Judge Bruce’s defense of UI’s bias response team based on the UMich litigation is also outdated, according to the appeal, given that UMich agreed to shutter its team permanently to settle with Speech First.
Would the court approve of a ‘Patriotism Assessment Response Team’?
UI’s bare “promises that it respects the free-speech rights of its students” are not enough to meet the requirements of the First Amendment, which “demands far more scrutiny,” Speech First says.
The same goes for the no-contact directive, which gives the university “blanket authority to issue” an order whenever an official believes it is “warranted,” regardless of protected speech.
Speech First claims that as UI changed the flyer policy only to avoid getting sued, it has since raised the university’s burden to prove “that the change was genuine.” The current revision “is not binding on current or future University officials,” and reinstating the old policy “requires nothing more than a recommendation from a University committee and approval by the Chancellor.”
Bruce wrongly declined to issue a preliminary injunction based on a misreading of the situation, which the judge claimed was missing a “credible threat of enforcement,” the appeal argues at length.
Its UI student members satisfy this First Amendment test: They “reasonably fear the consequences” of engaging in speech that is “deemed biased.” That includes everything from the Bias Assessment Response Team reaching out to seek “voluntary” dialogue and “corrective actions,” to the referral of the incident to the Office for Student Conflict Resolution or police, to BART publicizing the “details about the allegations” on its website.
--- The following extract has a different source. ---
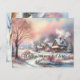Uma paisagem natalícia de inverno com árvores neves de inverno, árvores de Natal cheio de neve, e muita neve com uma casinha bem fofa e vintage no centro, em cores pastel pintura aquosa com nome personalizável
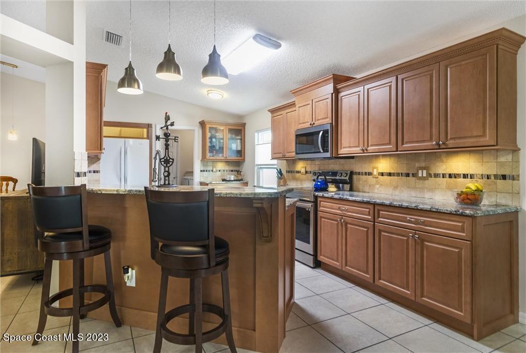 UPDATED HOME 4 Bedroom/2 Full Bathrooms/2 Car Garage: MOVE IN READY- FAST CLOSE-WHY WAIT TO BUILD? INTERIOR FRESHLY PAINTED (Neutral colors, new photos coming soon) 2019 ROOF, 2021 IMPACT WINDOWS/DOORS, Kitchen UPDATED, BATHROOMS UPDATED. ALL Ceramic Tile Floors (NO Carpet), Beautiful Tropical Backyard with FENCE. COVERED/Screened Back Patio. LOW HOA fees. CENTRALLY Located, within 6 miles of MELBOURNE Airport. Within 5 miles to Palm Bay & Melbourne Hospital. Put this home on your list to see, MANY UPGRADES, NOT the standard ''builder'' package. YOU WON'T BE DISAPPOINTED.

Imagine if a university had created a “Patriotism Assessment Response Team” after the Sept. 11 terrorist attacks, Speech First asked the 7th Circuit. Students who witnessed “anti-American incidents” on campus could report them to this hypothetical team and “receive counseling and support about how to cope with unpatriotic actions.”
The 7th Circuit surely would not allow such an entity to exist under the First Amendment, which is why the existing bias response systems should be disbanded, Speech First says.
There is no need for the lower court to conduct a “fresh examination” of the issue under the 7th Circuit’s own First Amendment precedents, it argues, asking for a final decision from the appeals court.
It’s a slam dunk: Speech First has demonstrated a “likelihood of success on the merits,” and the deprivation of First Amendment freedoms “for even minimal periods of time” constitutes “irreparable injury.” It is “always in the public interest” to issue injunctions protecting First Amendment rights.
Bias teams ‘raise the social cost of expressing certain viewpoints’
The Independent Women’s Law Center and American Council of Trustees and Alumni submitted a joint friend-of-the-court brief. It cites a study from the Foundation for Individual Rights in Education that supports Speech First’s claim that students’ free speech is threatened by bias response teams.
According to the study, in 2016 there were at least “231 publicly disclosed bias response teams at four-year and post-graduate institutions—143 of which were at public institutions such as the University of Illinois.” It estimated that “at least 2.84 million American students” attend schools with “often-anonymous reporting systems monitored by administrators and police officers.”
The brief claims that in “condemning insensitive speech,” bias teams “raise the social cost of expressing certain viewpoints,” which in turn chills protected speech.
Critical students have also “resorted to vandalism to squelch the speech of faculty members.” The brief claims that this behavior “reveals a startling culture of censorship that impedes free and open discussion on American college campuses.”